Figure 3. Detail from a small-intermediate bundle in the rice leaf blade. Pore-plasmodesma units (paired arrowheads, left) connect TST at left, to the VP cell above. The ST (upper right) is connected via PPUs to a companion cell (CC) via PPU (paired arrowheads, upper right) and the two ST (right) are connected via a lateral sieve area (LS). Plasmodesmata (Pd, left) interface VP cells. No connections between thick-and thin-walled sieve tubes are visible in this TEM image.
Figure 4. Detail showing a field containing several thin-walled sieve tubes, associated vascular parenchyma (VP) and companion cells (CC). Thin-walled sieve tubes (ST) are connected to CC by pore-plasmodesmata units (PPU).
Figure 5. Aspects of anatomy and cell associations in a small transverse vein in the leaf blade of Saccharum officinarum (NCO 376). This vein contains one metaxylem vessel (MX) coupled via prominent half-bordered pit pairs (arrowheads) to xylem vascular parenchyma cells (XVP), which, in turn, are symplasmically associated with several vascular parenchyma cells (VP). A solitary sieve tube is next to the MX. Judging by the thin wall it is in all probability an ST.

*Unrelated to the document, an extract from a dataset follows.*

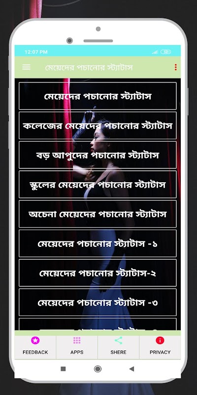 এই অ্যাপস টি পড়লে মেয়েদের পচানোর স্ট্যাটাস পাবেন। অনেক মেয়ে আছে ছেলেদের শুধু পচায় বা রাগায়। কিন্তু অনেকে জানেন না মেয়েদের কি ভাবে পচাতে হবে। ছোট ছোট কিছু কথা আছে যা বল্লে মেয়েরা সহজে ক্ষেপে যায়। অনেকে আবার সরা সরি পচাতে পারেন না ।তার জন্য স্ট্যাটাস দিয়ে পচাতে পাড়েন। আরো পাবেন মজার মজার এস এম এস ,পোস্ট ক্যাপশন। আরো পাবেন মজার মজার কবিতা ছন্দ।ভালোবাসার এস এম এস

Figure 6. Aspects of anatomy and cell associations in a transverse section through part of an intermediate vascular bundle (left) from a mature Panicum maximumleaf blade, cut at the level of an emerging transverse vein sieve tube (ST, to right). Based on its position, this is also thin-walled. Two TST (arrowheads) and several ST are visible in the longitudinal bundle.
Figure 7. Aspects of anatomy and cell associations in a transverse vein in a Bromus unioloides leaf. A single sieve tube is adjacent to a solitary xylem vessel, which is in contact with (XVP) that are in contact with the single vessel (XV). As is common in many grasses, the bundle sheath is incomplete, and the BS is interspersed with prominent intercellular spaces.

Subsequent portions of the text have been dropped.